* [Exercise directions]: Return each line below holding the string "panda".

[Extracted records]
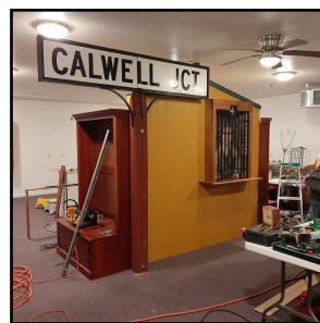
Another view of center display
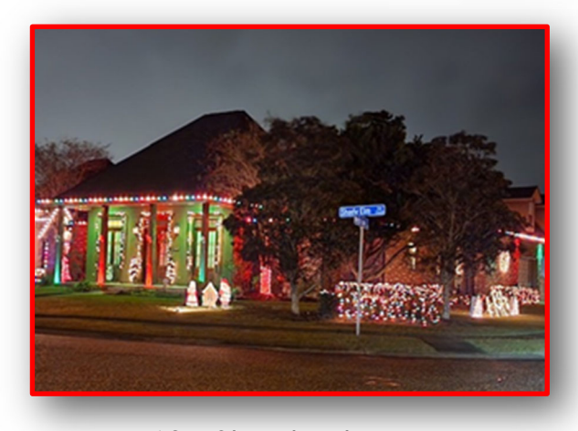
17637 Shady Elm Ave.
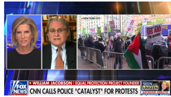
FOX: The Ingraham Angle
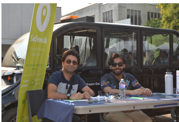
The Safewalk Team bothing at the Student Resource Fair
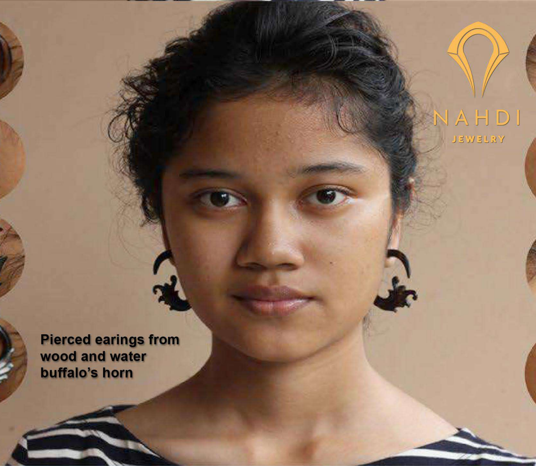
Pierced earrings from wood and water buffalo's horn
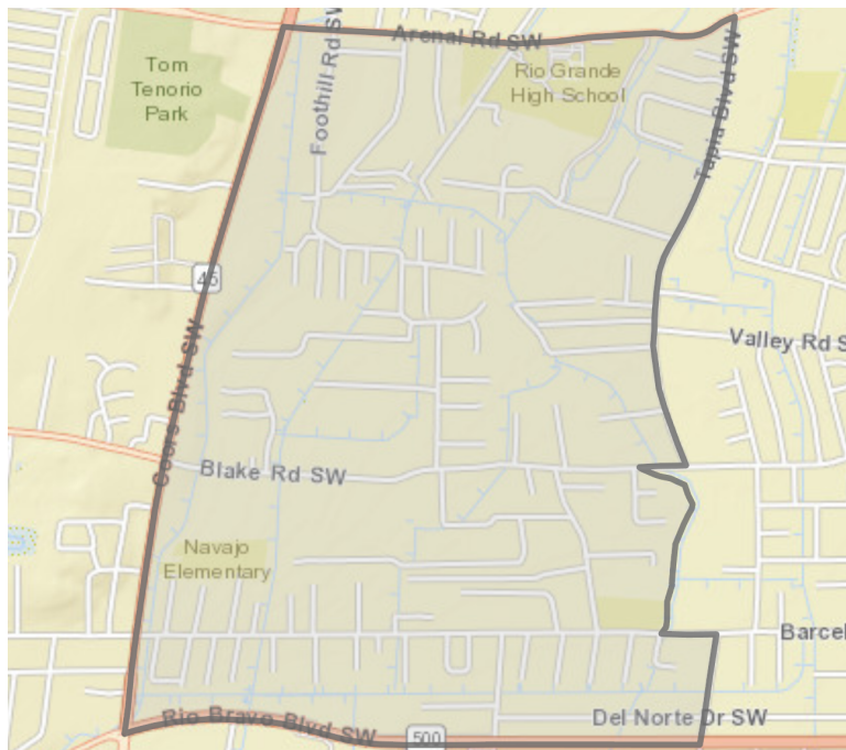
POPULATION BY AGE
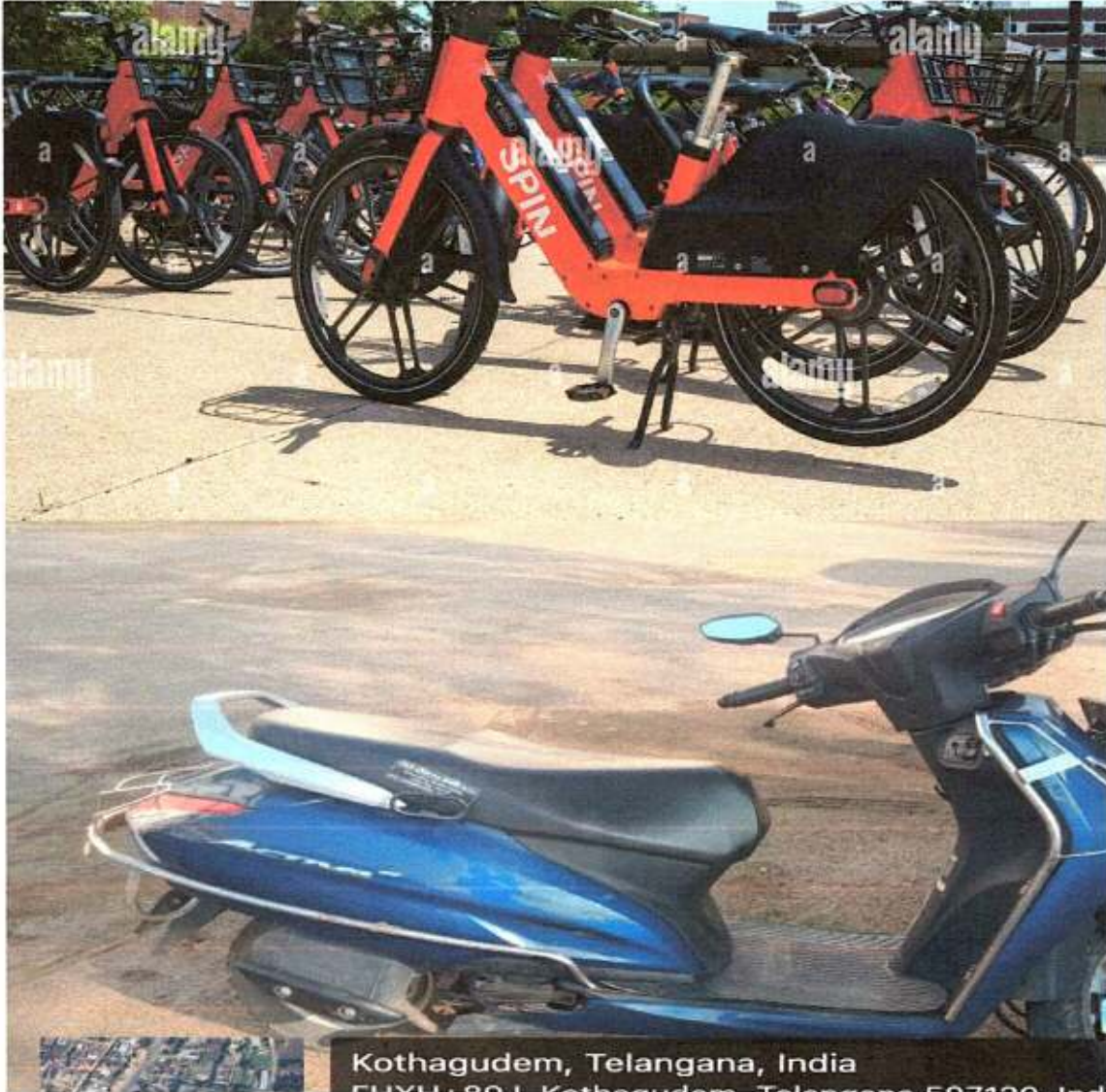
Kothagudem, Telangana, India
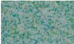
BQ - Mint
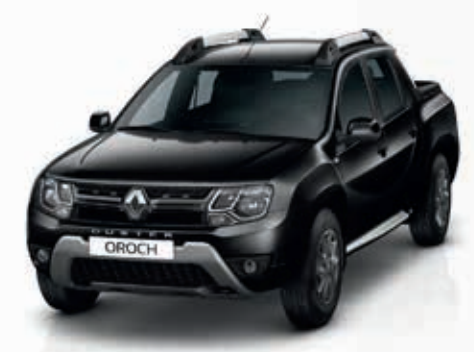
Pearl Black (MP)
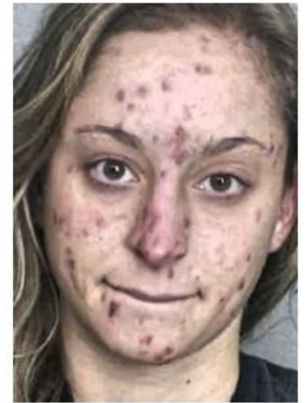
Aged 23 years
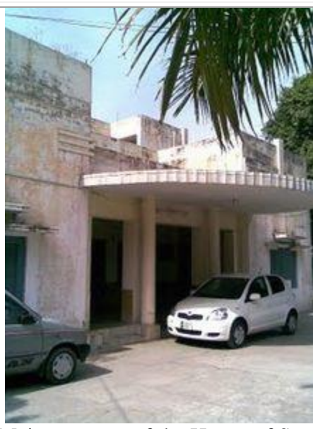
Main entrance of the House of Syed Abul Aala Maududi 4-A, Zaildar Park, Ichhra, Lahore
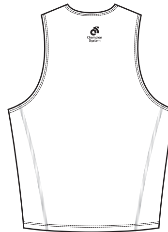
: Back View :
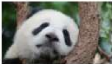
A giant panda

There are two different types of pandas. The giant panda is the most well-known. Giant pandas are very big and have black and white fur. They have round bodies and have black patches around their eyes, over their ears and across their bodies. Red pandas have long tails and are roughly the same size as cats. Both types of pandas have long, sharp claws that they use to climb trees and strip bamboo.
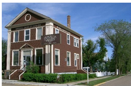
Imperial Bank of Canada Building
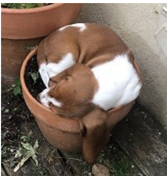
Molly - I think I'll just plant myself here and take a nap.
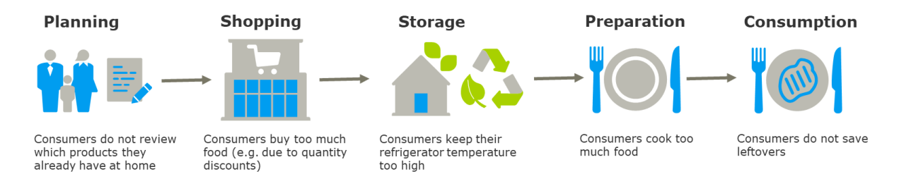
Fig. 1. Household food waste arises in several phases

Food waste can arise when consumers purchase food without planning what they will buy, and thus purchase more than necessary, or purchase items they will later fail to eat. A lack of time, and the emergence of unforeseen circumstances, have both been shown to affect how much food is unnecessarily thrown away.
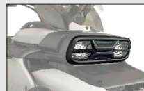
1 Headlight Protector (219401171)

* [Your response]:
A giant panda
There are two different types of pandas. The giant panda is the most well-known. Giant pandas are very big and have black and white fur. They have round bodies and have black patches around their eyes, over their ears and across their bodies. Red pandas have long tails and are roughly the same size as cats. Both types of pandas have long, sharp claws that they use to climb trees and strip bamboo.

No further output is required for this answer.